Tuesday, February 24, 2009

The Coyote Way

Recently in Canada’s largest city of Toronto, wild coyotes have been the talk of the town. There have been sightings of these curious creatures so close to people’s homes, that one dog has been killed, a couple others injured, and numerous cats have gone missing.

The debate revolves around one constant theme – what to do about the coyotes?
Some say they should be trapped and relocated someplace else, further from the city. Others are saying they should be killed outright, and still others say it is nature’s way, and nothing can really be done.

Truth is, coyotes are top level carnivores in the food chain, and they are doing what all top level carnivores do when they encounter another top level being – they challenge its existence.

We human beings are the ultimate top level players in the food chain – we have something no other animal on earth has – technology. We build comfy climate-controlled homes to protect us from the elements, we can put up fences to block off areas we want exclusively to ourselves, and we have weapons which we can use from a distance, so when we are challenged in a fight, all one has to do is pull the trigger.

Coyotes don’t have anything but their cunning natural instincts, their claws and their teeth. They are very fast and highly intelligent hunters, but they just can’t compete against urban sprawl.

And that is what the real issue is – urban sprawl – the constant growth of human civilizations into natural habitats.

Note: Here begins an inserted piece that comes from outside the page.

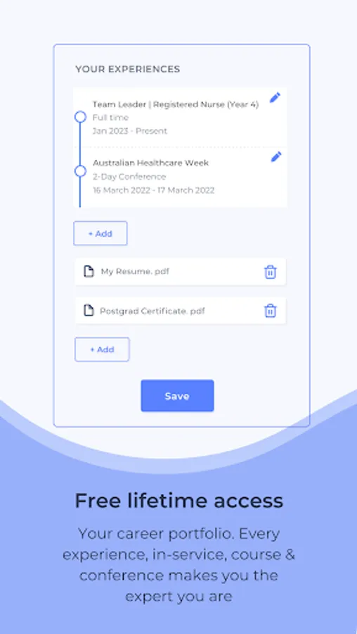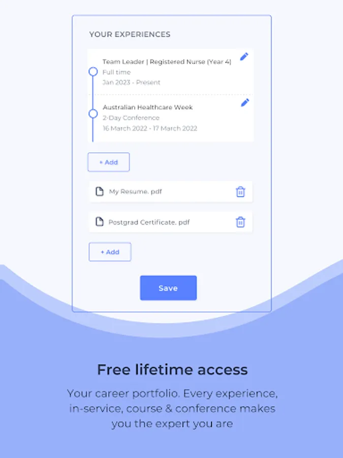 Build your online resume and store all your certifications, training and other healthcare documents free for life.

When forests and fields are bulldozed and paved over, with massive neighbourhoods taking the place of once barren land, the ecosystem that was once there doesn’t just disappear. The ecosystem continues, but all of its elements begin to fight for survival.

In a sense, it is very much like Charles Darwin’s “Origin of Species” says – a fight of the fittest. Microbiological organisms, insects, gnats, and most of Mother Nature’s teeniest of living things will die off almost instantly. But bigger, stronger and higher levels in the food chain will continue the fight for some time.

That’s what we are seeing in Toronto with the coyotes. The coyote population is struggling for survival against a human-built neighbourhood sprawling onto its turf.

What is the right thing to do?

The coyote population has most likely always lived in the area, but because of people moving into coyote-land, it is becoming less fearful of humans and taking a more aggressive stand for the land and food sources from the land.

Relocating the population may have little value – coyotes are migratory pack animals and could just as easily find their way back. Or if the specific packs removed don’t find their way back to the urban areas of Toronto, other groups that have been there before probably will again.

Killing off the coyotes coming into the city may eliminate the problem immediately, but again, others will follow.

The only real solution is – sadly – to allow urban sprawl. As the city expands, and more of the coyote’s natural feeding grounds are paved over, eventually they will either die off from starvation, or simply move on, searching for other food sources, as there are none in the concrete jungle of a modern city.

That’s the natural way – call it the coyote way – and is just as Darwin wrote many years prior, survival of the fittest.